Nach seinem Ende bei Blackmail ist Aydo Abay vor allem als Frontmann von KEN und dem Elektro-Projekt crash:conspiracy weiterhin musikalisch aktiv gewesen. Nun gründete der charismatische Sänger in seiner neuen Wahl-Heimat Berlin zusammen mit Juli Gitarrist Jonas Pfetzing ein neues Projekt, das seinen Namen trägt. Dabei geht das Duo ungewohnt poppige Wege und konnte vor allem durch eigenwillige Coverversionen von ABBA und Scooter von sich aufmerksam machen. Aber ABAY können nicht nur covern…

Hallo Aydo, wo erwische ich dich und was machst du gerade?

Danke der Nachfrage. Mir geht es ziemlich gut. Ich mache gerade einen Alkoholentzug und versuche einen klaren Blick zu bekommen. Gar nicht so einfach in Berlin.
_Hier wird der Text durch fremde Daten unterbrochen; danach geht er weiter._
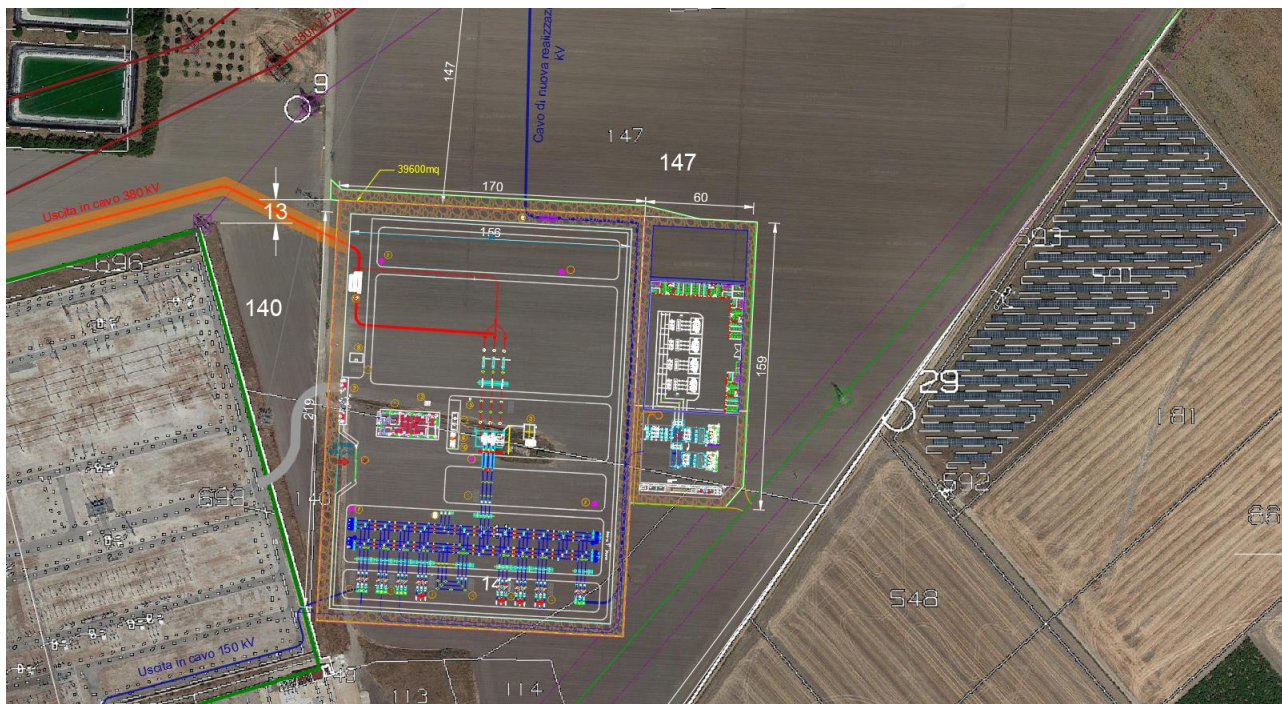
Area S.S.E.U. - Inquadramento Catastale

L'area individuata è identificata al N.C.T. di Foggia nel foglio di mappa 37 particelle 147 come rappresentato nella tavola allegata.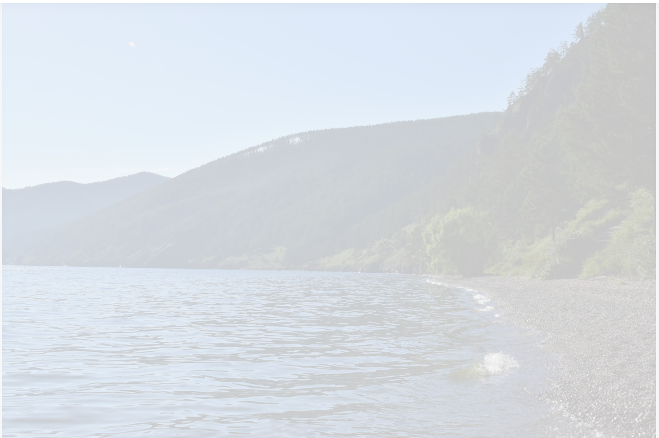
Автор: Екатерина Долинская Фото из альбома "Байкал. Виды - лето" © Фотобанк "RuBabr"

Одно можно сказать точно: совсем закрыть Байкал для туристов невозможно. Но и делать из него всероссийский курорт – тоже не выход. Где-то посередине есть разумный компромисс: ограниченный, но качественный туризм. Например, создание специально оборудованных маршрутов, ограничение количества туристов, обязательное соблюдение экологических норм. Такой подход работает во многих странах, где есть хрупкие природные зоны.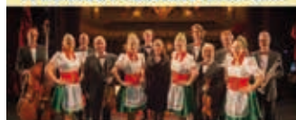
GROSSE JOHANN-STRAUSS-GALA 13.09.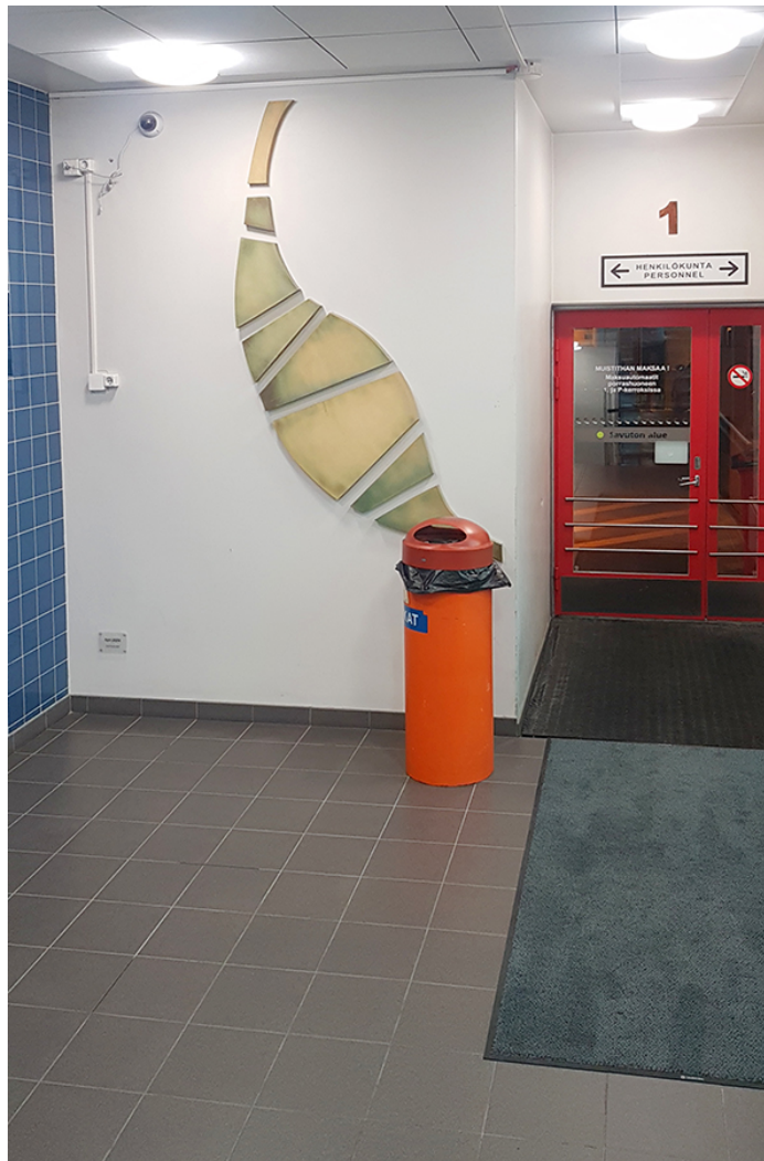
Kirsi Puonti: Ajan jäljillä, 2006.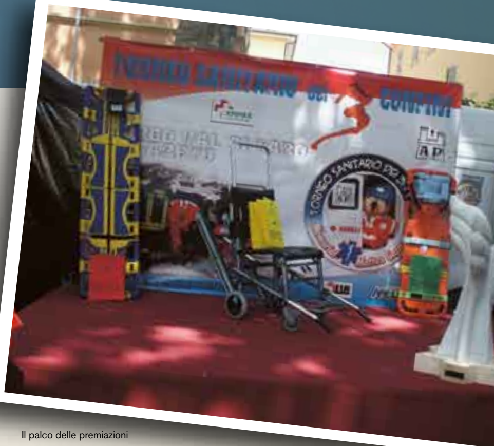
Il palco delle premiazioni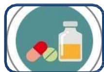
El bon ús dels medicaments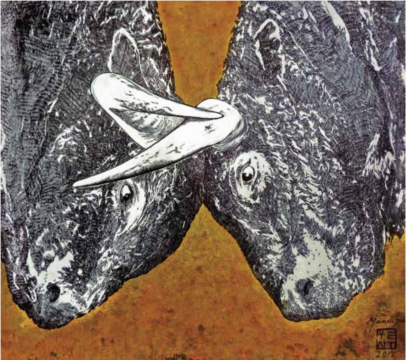
Combat - stylo bille, acrylique et pigments sur papier, 30 x 30 cm, 2012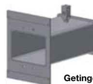
Getinge K3+ profondeur : 345 mm

Le modèle K3+ se décline maintenant en deux versions, avec le nouveau boîtier en acier inoxydable ou avec le boîtier blanc.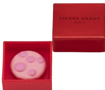
②ケーキ イスパハン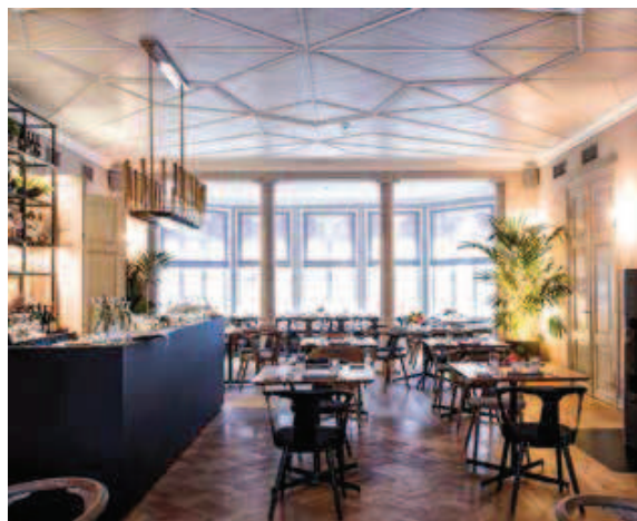
(1) Villa Mon Repos Kadrioru pargi poolt. (2) Esimese korruse saal.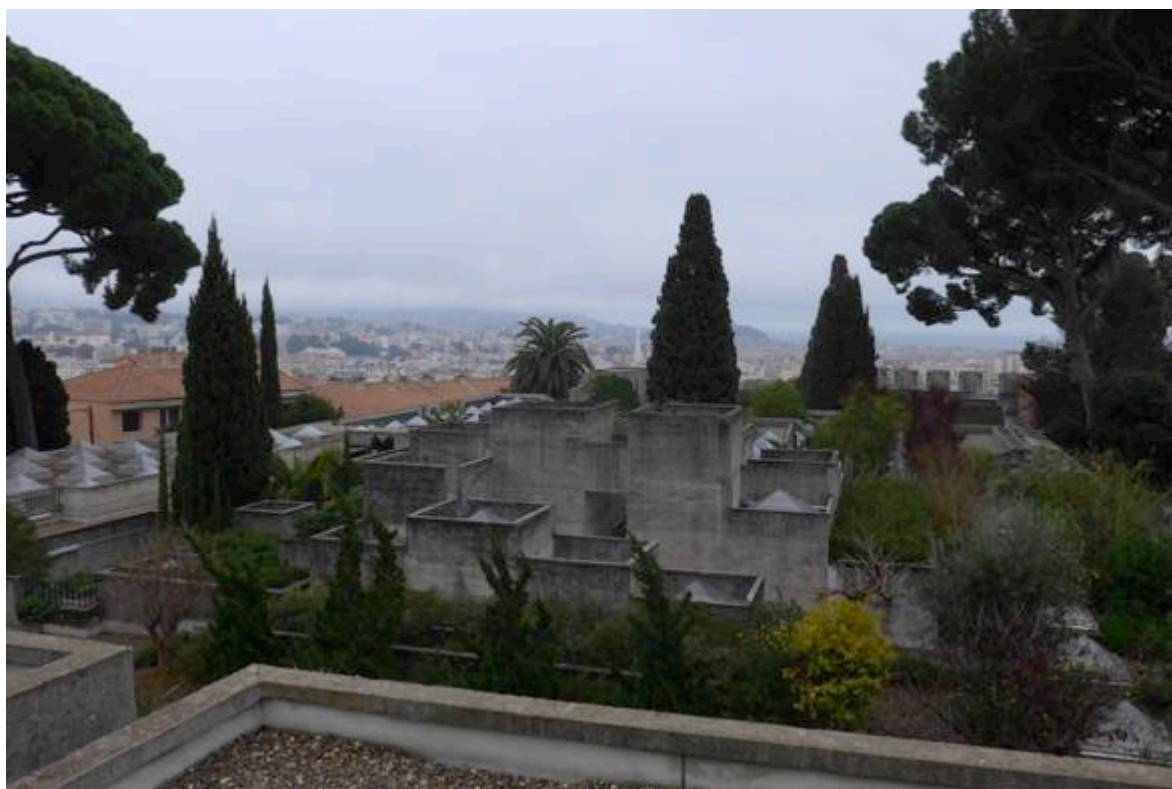
Vue des toits-terrasses

Nach Blackmail, crash:conspiracy und Ken machst du nun unter deinem Namen Abay Musik. Bist du jetzt letztendlich musikalisch angekommen?

Ich bin immer da, wo ich gerade bin. Das Ankommen ist nicht das Ziel. Eher die Suche; und die hört hoffentlich nie auf.

Post-Pop nennst du den Sound von Abay. Kannst du uns die Säulen erläutern, woraus Post-Pop der Marke Abay besteht?

Ich denke nicht, dass wir das Rad neu erfunden haben. Wir wollten nur einen Oberbegriff für unser jetziges Werk. Musikalisch ist alles aus den letzten 40 Jahren dabei. Nach wie vor gibt es bei mir keine musikalischen Grenzen. Alles darf, nichts muss. So ungefähr klingt das dann auch.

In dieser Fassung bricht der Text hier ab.